Should I be changing to winter tyres this year?

Should I be changing to winter tyres this year? 26th October 2015

In many nations across the world, winter tyres are just a part of the yearly upkeep of a car. Drivers will change to their winter tyres when the weather gets that little bit colder and then store them from the rest of the year. 

However, in spite of the fact that winter tyres can help drivers stay safe throughout the colder months, performing better than any others at temperatures below seven degrees, the British public's awareness of what they have to offer is still at times lacking.

With that in mind, should you be looking to fit winter tyres on your car this winter, and what benefits will they have for you and your safety?

Safety is paramount

Of course, it's always important to make sure that you are safe on the roads, and ensuring that your car is in tip-top shape is the best way to do this. However, it's even more vital in winter than it is in the warmer months, and winter tyres can help improve levels of safety. 

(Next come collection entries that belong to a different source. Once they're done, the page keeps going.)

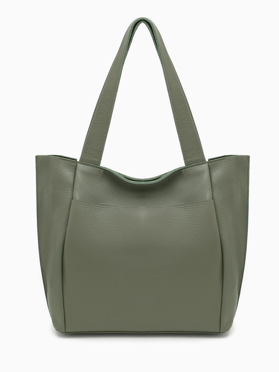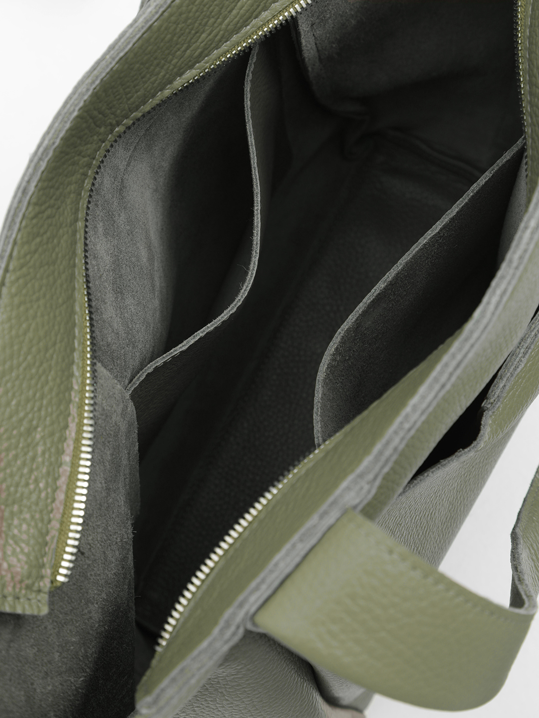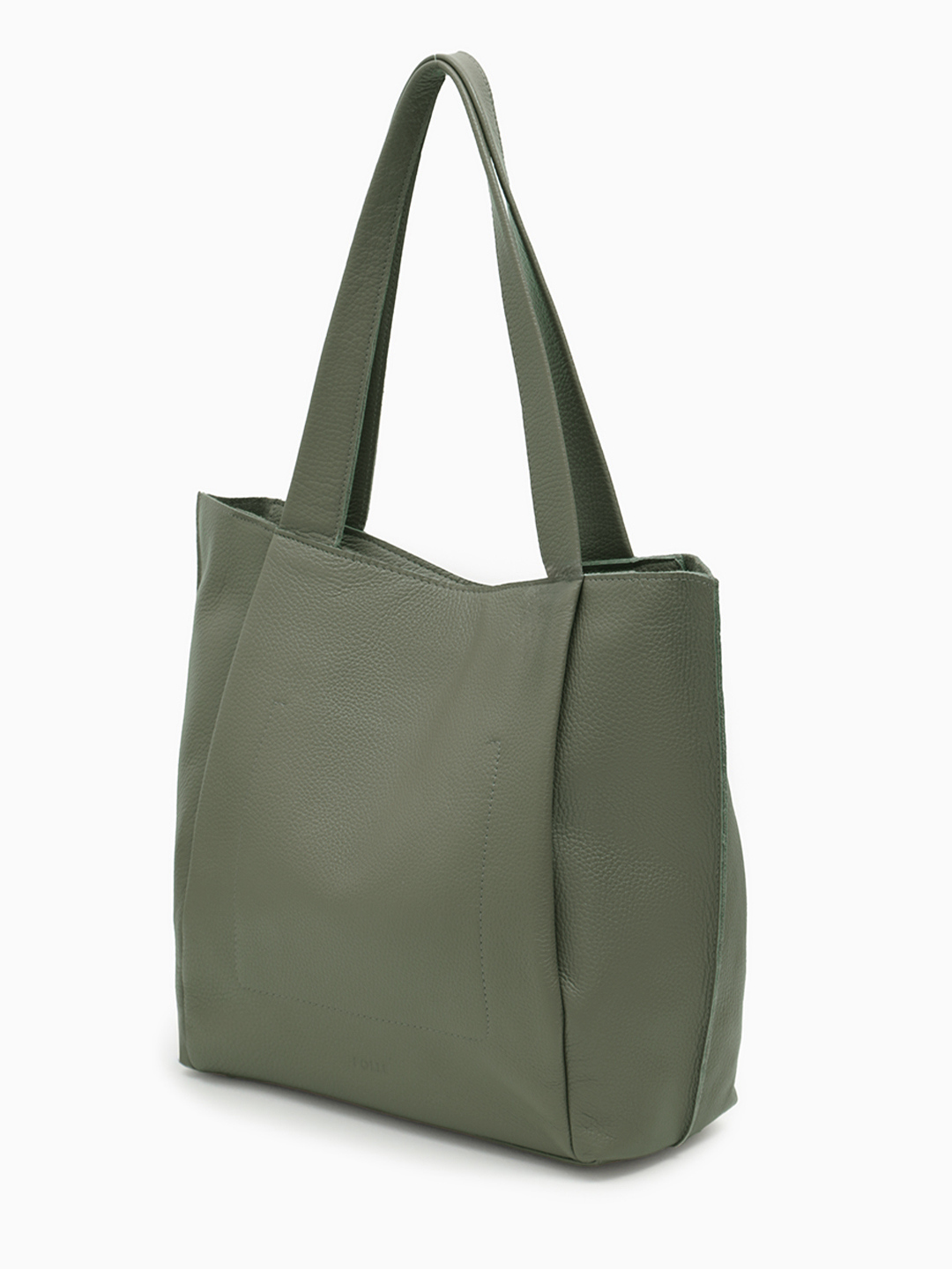 Объёмный шоппер из натуральной кожи с карманом на магните от FOLLE в зеленом цвете
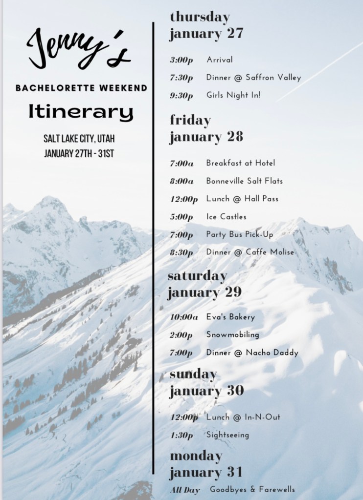 A big shout out to my girls for planning out the most adventurous bachelorette in 2 weeks! I had originally chosen Banff, Alberta Canada as the location and plans had been in the works for months prior, but then Covid regulations became strict just a few weeks before the trip. The plans got cancelled about 2 weeks before the bachelorette dates. I still wanted a snowy adventurous bachelorette which was when Utah was brought up, one of my favorite states! The girls planned an itinerary in 2 weeks and off we went. Below is more information on the adventurous highlights from the trip.
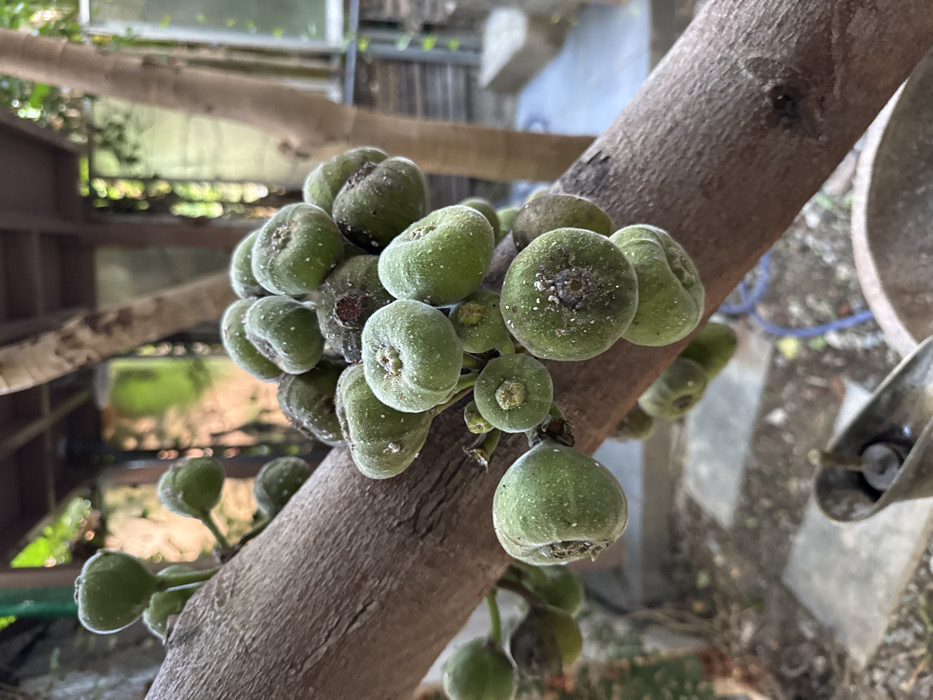 - "The image displays a close-up, diagonal view of a robust, textured brown tree branch densely covered with clusters of small, unripe green fig-like fruits" by FM-B7oyh1, licensed under CC BY 4.0
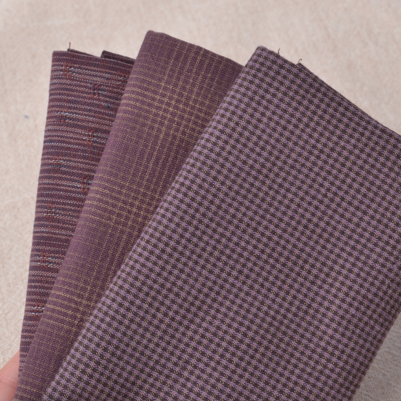 Dyed Yarn Cotton Fabric Bundle of 3, Aubergine
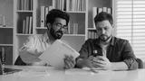 Two businessmen multiracial men co-workers in office Arabian Indian businessman show papers business project on laptop to colleague Caucasian man ignoring addicted mobile phone inefficient teamwork
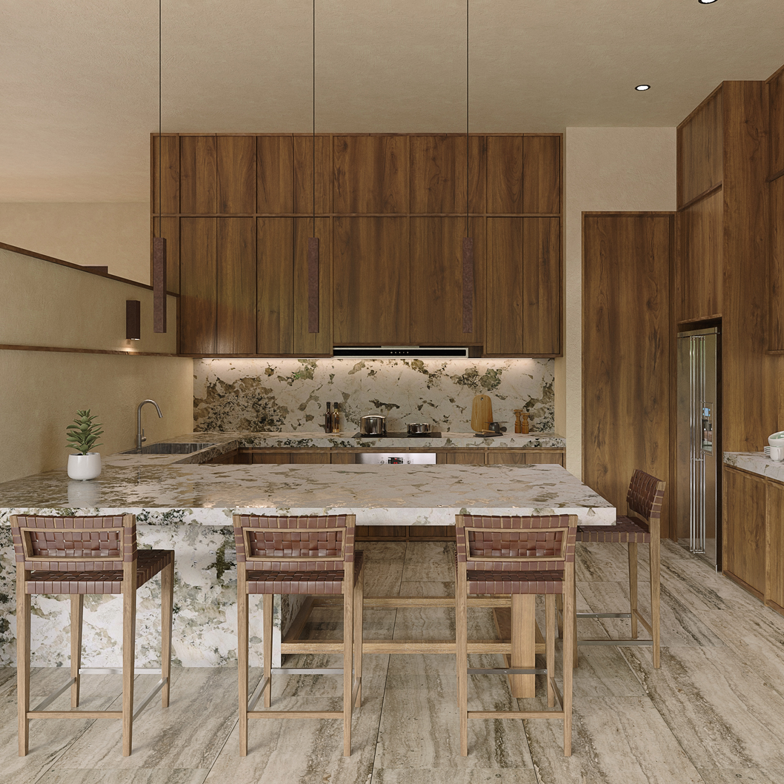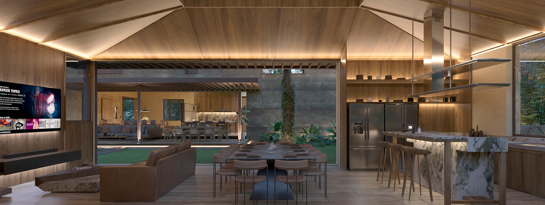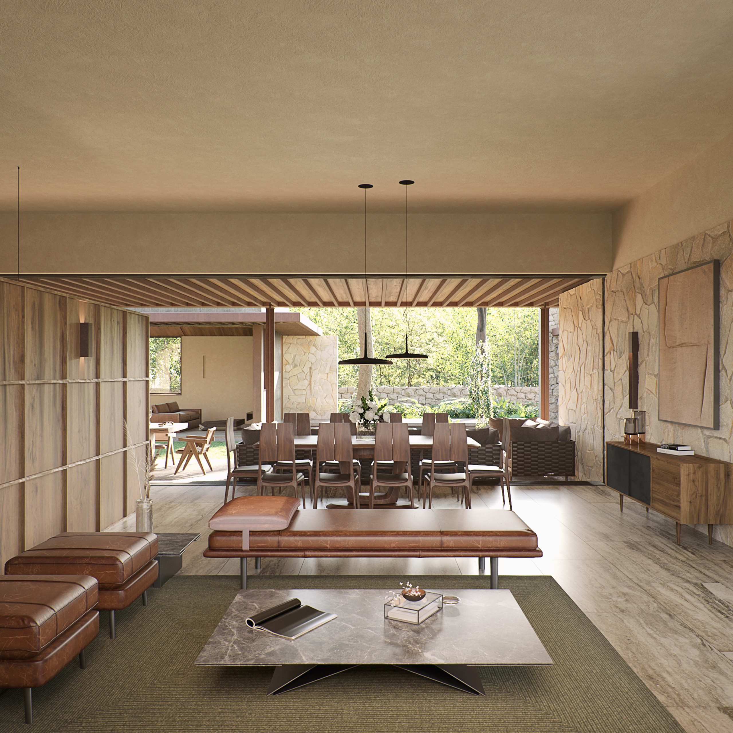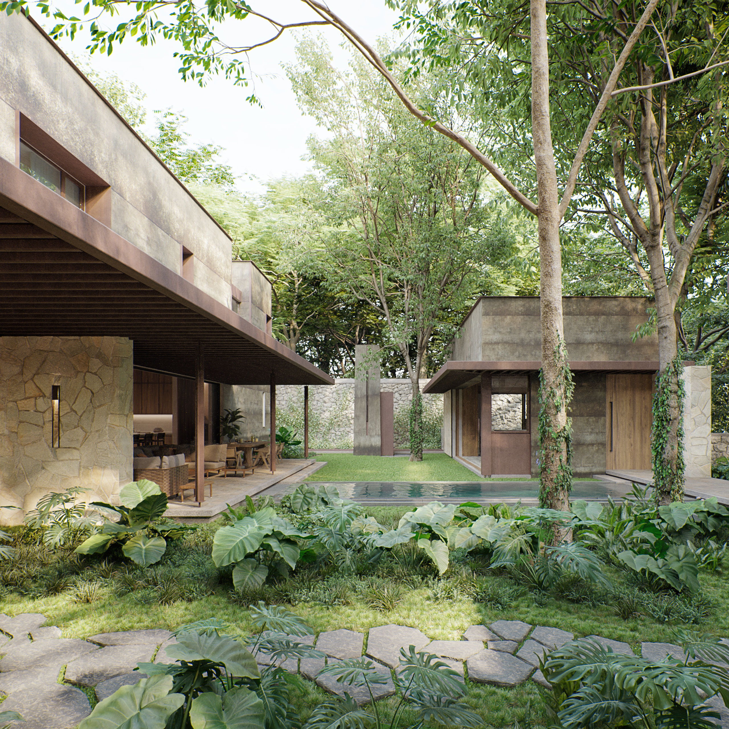 Dentro de lo que una vez fue la hacienda Sodzil, se encuentra el proyecto inmerso entre la vegetación preexistente, una casa compuesta por una serie de volúmenes conectados por recorridos y remates acompañados por la iluminación difusa que se genera entre las copas de los árboles. La materialidad con apariencia natural como madera, piedra y acero oxidado le aportan mayor riqueza al proyecto con el paso del tiempo y le permiten a la casa conciliar con lo natural y los elementos preexistentes de la ex hacienda.
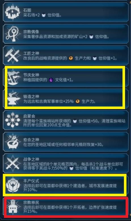 目前版本万神殿的套路比较固定,宗教移民白拿一个开拓者的能力是最为泛用也最强的选择,在绝大部分情况下,选它不会错。
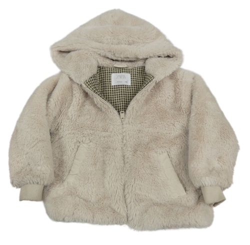 Smotanová kožušinová podšitá bunda s kapucňou Zara
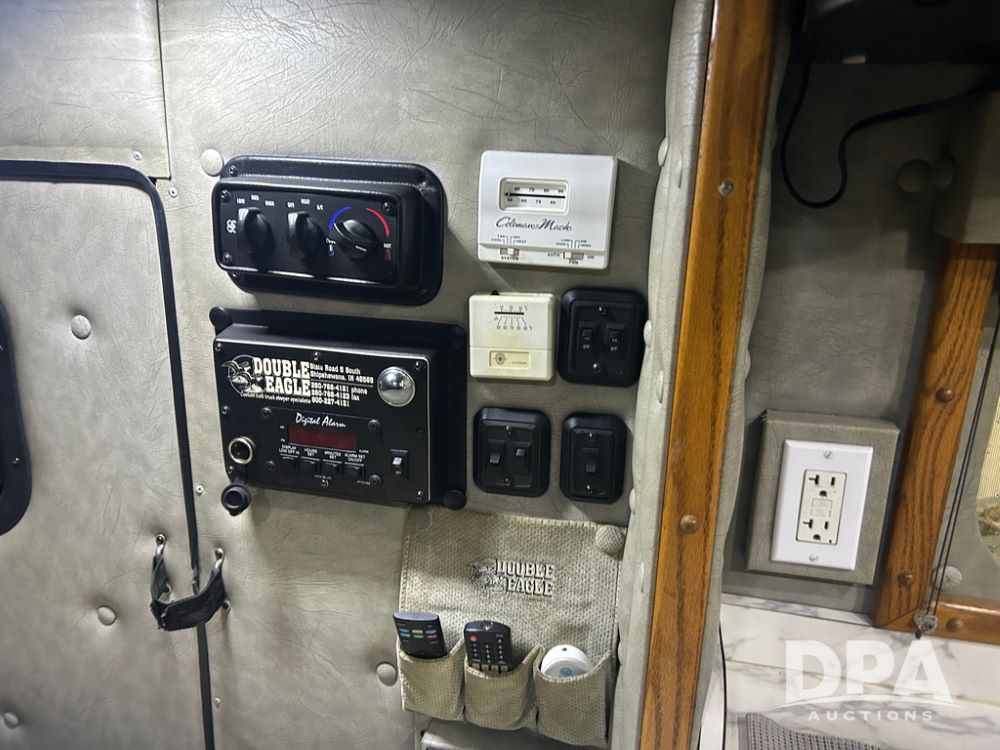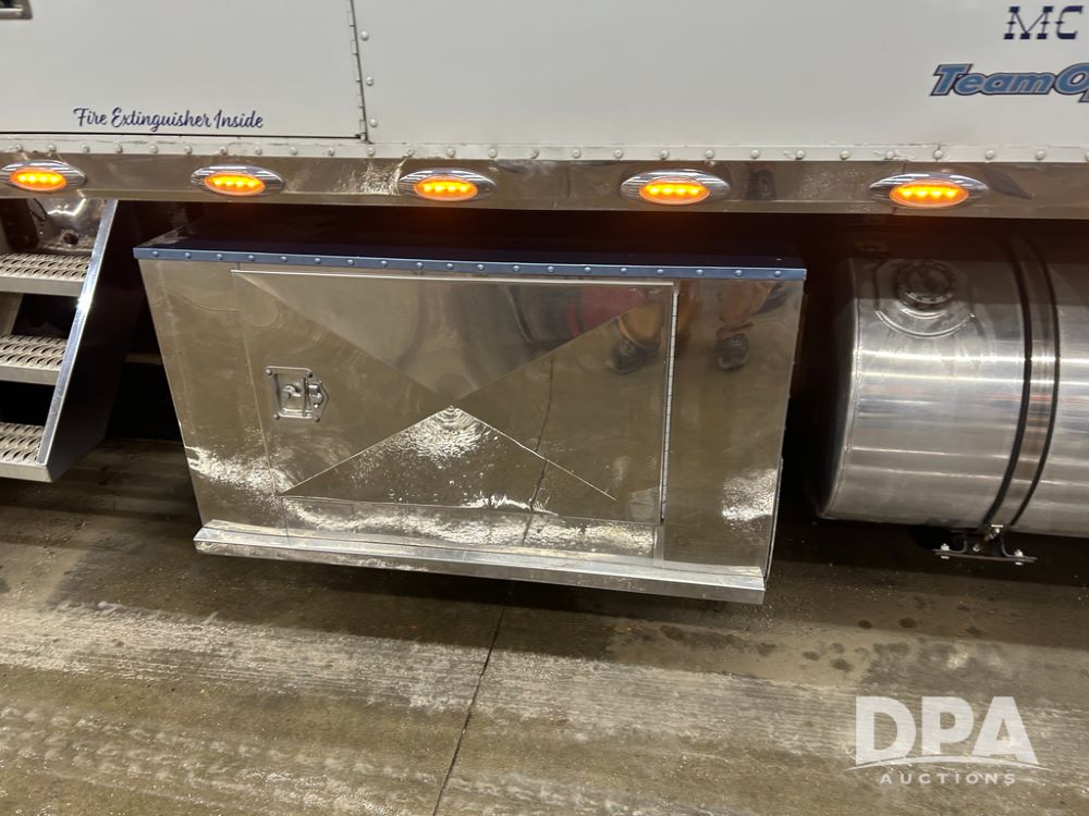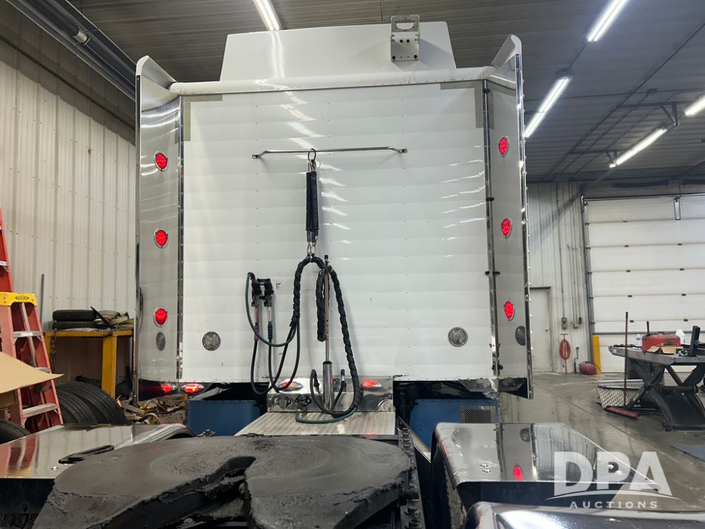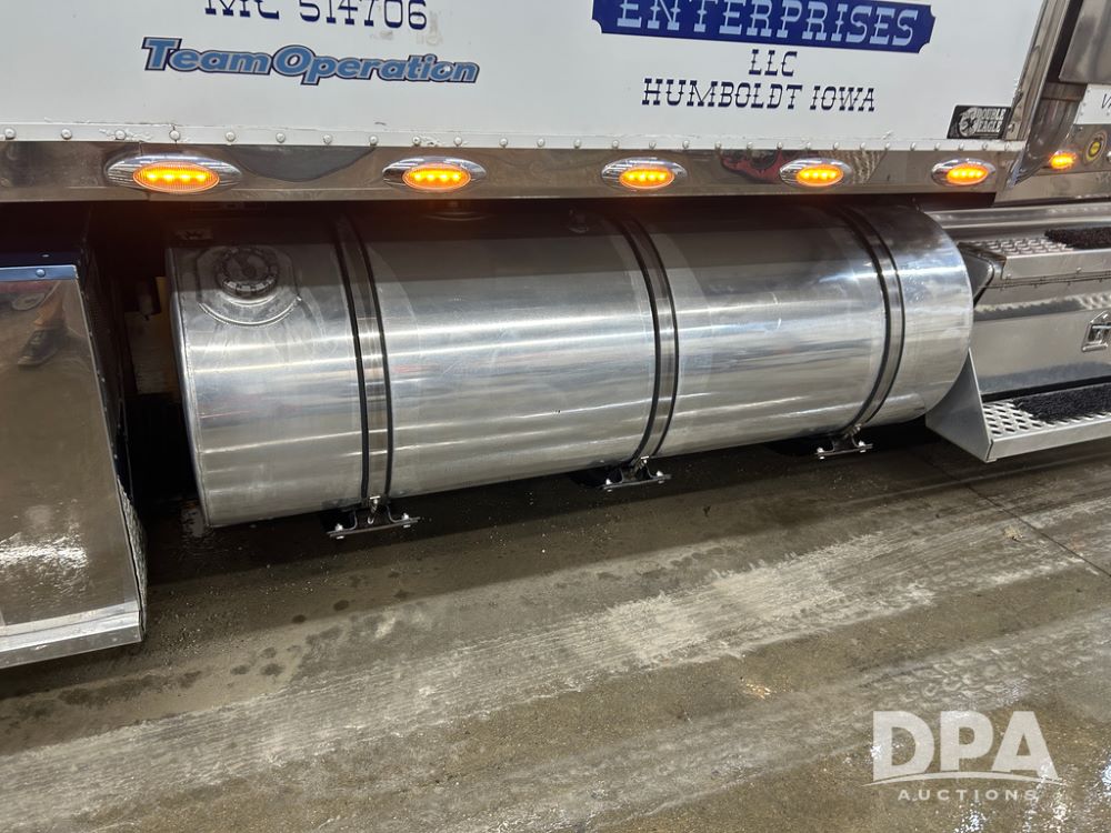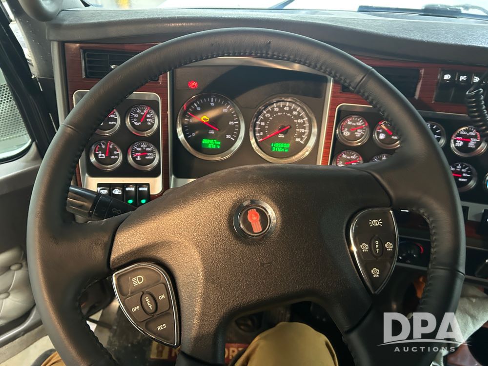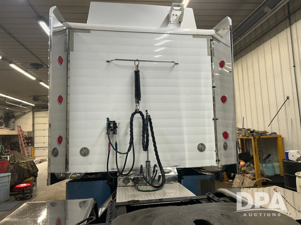 2007 Kenworth W900L Truck (CP1804), Cat C15 diesel engine (overhauled with paperwork from CAT), 550hp, Eaton Fuller 13 speed transmission, Double Eagle custom built Super Eagle 130in sleeper, air ride cab, air conditioning, heat, (dual controls and thermostat in sleeper), refrigerator, microwave, coffee pot, shower, stool, TV, multiple storage compartments in cab, Gen Pac diesel powered generator, dual chrome stacks, dual chrome air breathers, chrome bumper, tandem axle, air ride suspension, 366in wheel base, individual full stainless steel fenders, 285/75R24.5 tires, 1,185,608 miles on chassis, approx. 301,034 miles on overhauled engine.

According to Continental, around half of all insurance claims for accidents are made during the winter months, while drivers are six times more likely to have an accident in the winter weather than any other time during the year. WIth this in mind, it makes sense to fit a tyre to the car that can help improve safety levels. 

Specially made

When you are looking for a safer tyre for a certain part of the year, it makes perfect sense to be choosing something that is specifically designed for using in certain weather conditions. So what is different about winter tyres? 

The main difference centres around grip when the mercury drops. While summer tyres are perfectly adequate during warmer periods, they are made of a rubber that can freeze and harden in temperatures below seven degrees. This can leave drivers facing reduced grip in treacherous conditions. 

Winter tyres, on the other hand, are specifically designed to remain softer in cold weather, gripping the road better and enhancing your chances of staying safe. 

Braking distances

Grip aside, braking distances will be another of the most important issues that drivers face on winter roads. As conditions become more difficult to handle, you may be faced with other drivers stamping on the brakes, and you need to be sure that your tyres can deal with this. 

This is where winter tyres come into their own. On snow, for example, the braking distance at 50 kmh will drop from 43 metres for summer tyres to 35 metres with winter tyres. Similarly on ice at the same speed, stopping distance will be 57 metres on winter tyres, compared to 68 metres on summer tyres.